Artículo publicado originalmente en Infolibre.es

Juan A. Gimeno

De acuerdo con los últimos datos de EUROSTAT (oficina estadística europea), la presión fiscal en España aumentó durante 2021 en casi 1,5 puntos porcentuales, hasta el 39%. Pese a esta subida, España sigue por debajo de la media de la Unión Europea (41,7%). Los círculos autodenominados liberales señalan, felices, que la diferencia se ha reducido a 2,7 puntos, con lo que los argumentos en favor de una mayor recaudación para España quedarían aparentemente debilitados.
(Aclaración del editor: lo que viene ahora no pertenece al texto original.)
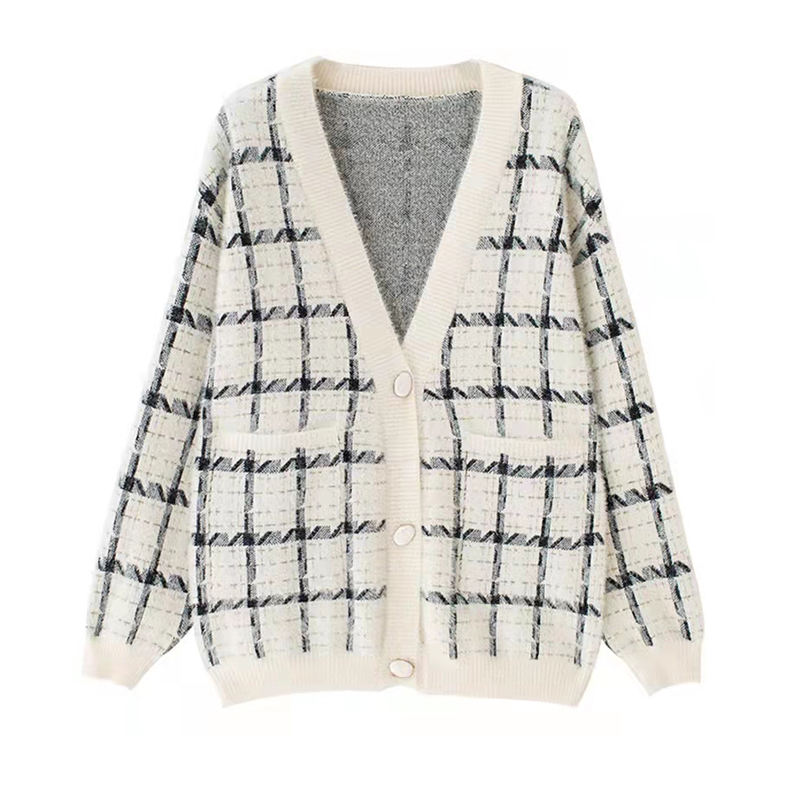Vente en gros et au détail Fabricant de vêtements sur mesure Cardigan à col en V grande taille pour femmes Pull en tricot pour femmes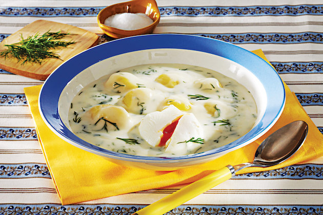 Topeşti untul într-o oală, pui ceapa tocată mărunt, supa de carne şi laşi să fiarbă până când ceapa se înmoaie. Dizolvi făina în laptele rece şi îl torni treptat în supă, amestecând continuu. Laşi să fiarbă, la foc mic, 15 minute din momentul în care dă în clocot.

Sin embargo, conviene enfriar esa felicidad. En primer lugar, porque tal evolución tiene bastante de ficticia. Como es sabido, la presión fiscal se define como el cociente (en tanto por ciento) entre los ingresos (impuestos y cotizaciones sociales) y el PIB. Es cierto que la recaudación tributaria se ha comportado extraordinariamente bien durante estos últimos ejercicios, más por un posible afloramiento de bases que por subidas normativas de impuestos o la inflación (que jugaron un papel menor en 2021).

Pero el dato más relevante es la evolución del denominador del cociente antedicho. Por un lado, el PIB español sufrió un retroceso mayor que otros países de nuestro entorno, especialmente por el peso del turismo y sectores relacionados en nuestra economía. Por ello, al bajar más el PIB, el índice de presión fiscal sube de forma automática pero poco significativa.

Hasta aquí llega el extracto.